Certaines associations de patients s’expriment aujourd’hui pour demander l’application d’une obligation de stockage de quatre mois à l’ensemble des médicaments d’intérêt thérapeutique majeur (MITM).

Le syndicat des labos contre le stockage généralisé

Une solution que réprouve le Leem (Les entreprises du médicament), syndicat professionnel qui regroupe les principaux industriels de la pharmacie en France.

"Il s’agit majoritairement de médicaments anciens, faiblement valorisés. L’allongement excessif de la durée de stockage de ces médicaments modifierait profondément leurs conditions d’exploitation et conduirait probablement certains fournisseurs à les retirer du marché. À l'arrivée, loin de régler le problème des ruptures d’approvisionnement, une durée de stockage trop contraignante aurait donc pour effet de les aggraver" explique le Leem.

Un argument qui va dans le sens de nombreux observateurs qui, déplorant ces pénuries récurrentes de médicaments, affirment que ses causes sont essentiellement financières quoi qu’on en dise. 

Si l'État se substituait à l'industrie privée?

Parmi les autres solutions avancées, pour éviter de trop dépendre de l'Inde et de la Chine, une consisterait à ce que l’État se substitue à l’industrie privée lorsque celle-ci n'est pas capable de fournir des médicaments essentiels.

La France dispose de deux structures publiques à même de produire des médicaments indispensables non commercialisés par l'industrie pharmaceutique, l'agence générale des équipements et produits de santé (Ageps) et la pharmacie centrale des armées.

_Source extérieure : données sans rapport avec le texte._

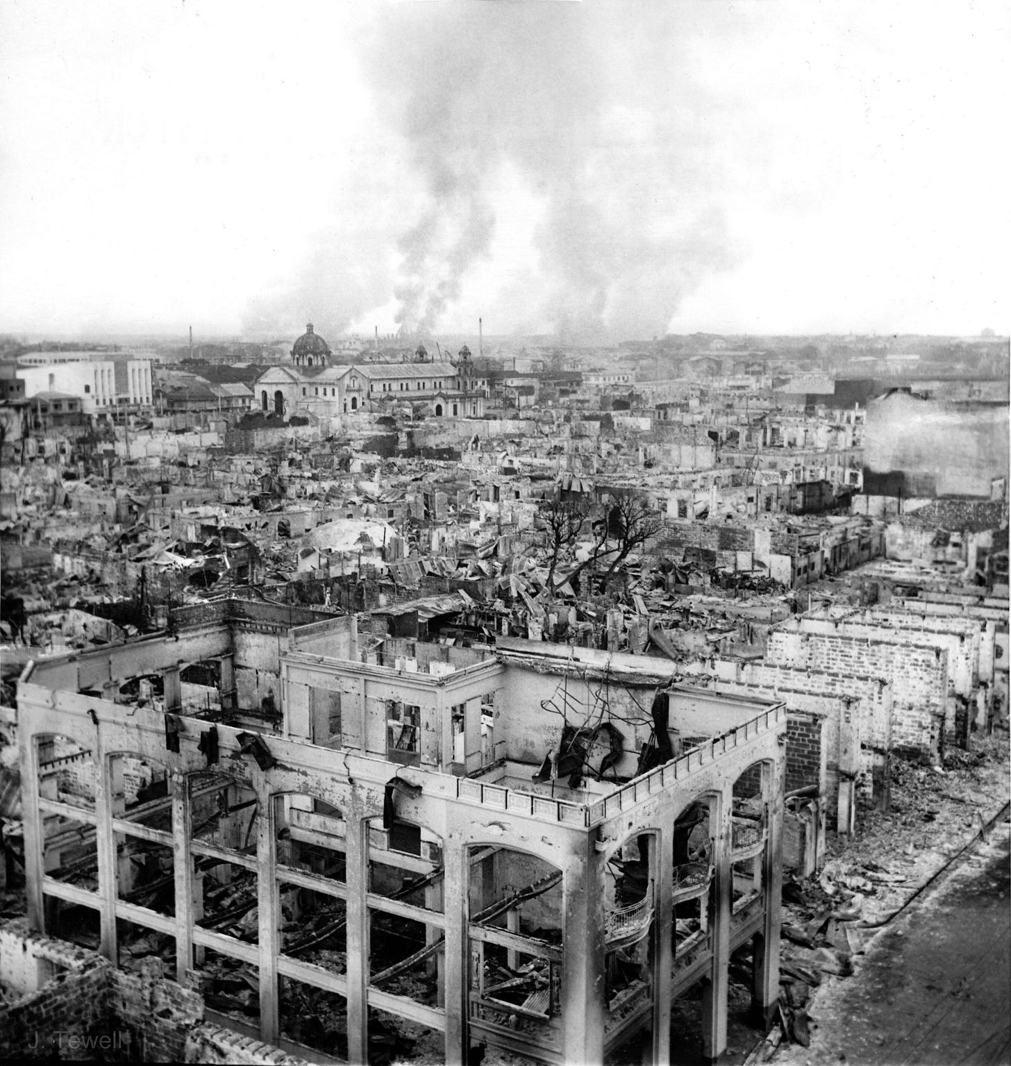 The final count: 1,000 Americans, 16,000 Japanese soldiers, and at least 100,000 unarmed Filipino civilians—10% of the population—dead in the streets. “Much of the graceful city was turned to rubble,” the Times continued. “Large parts of its rich cultural heritage—archives of the Spanish colonial era, records from the Philippine revolution, birth and death certificates, ornate churches, grand libraries and treasured art—were obliterated. Only Warsaw suffered more among Allied capitals in the war.”

Constituer une réserve stratégique de produits de santé

Le Sénat, dans son rapport de 2018, prônait le renforcement de leurs moyens financiers "afin de faire du transfert à ces laboratoires de la production de quelques médicaments voués à un retrait du marché ou régulièrement exposés à des tensions une solution viable pour assurer la disponibilité de spécialités indispensables".

Une autre piste vise à constituer des réserves stratégiques de produits destinés à la santé civile afin de faire face à des événements extraordinaires (catastrophes naturelles, épidémies, risques biologiques, chimiques et radionucléaires,...).

"Ces réserves concerneraient en particulier certains vaccins, des anti-infectieux et des produits stériles injectables, sur le modèle des réserves stratégiques de médicaments mises en place aux États-Unis dans le cadre du Strategic National Stockpile, concluaient les sénateurs.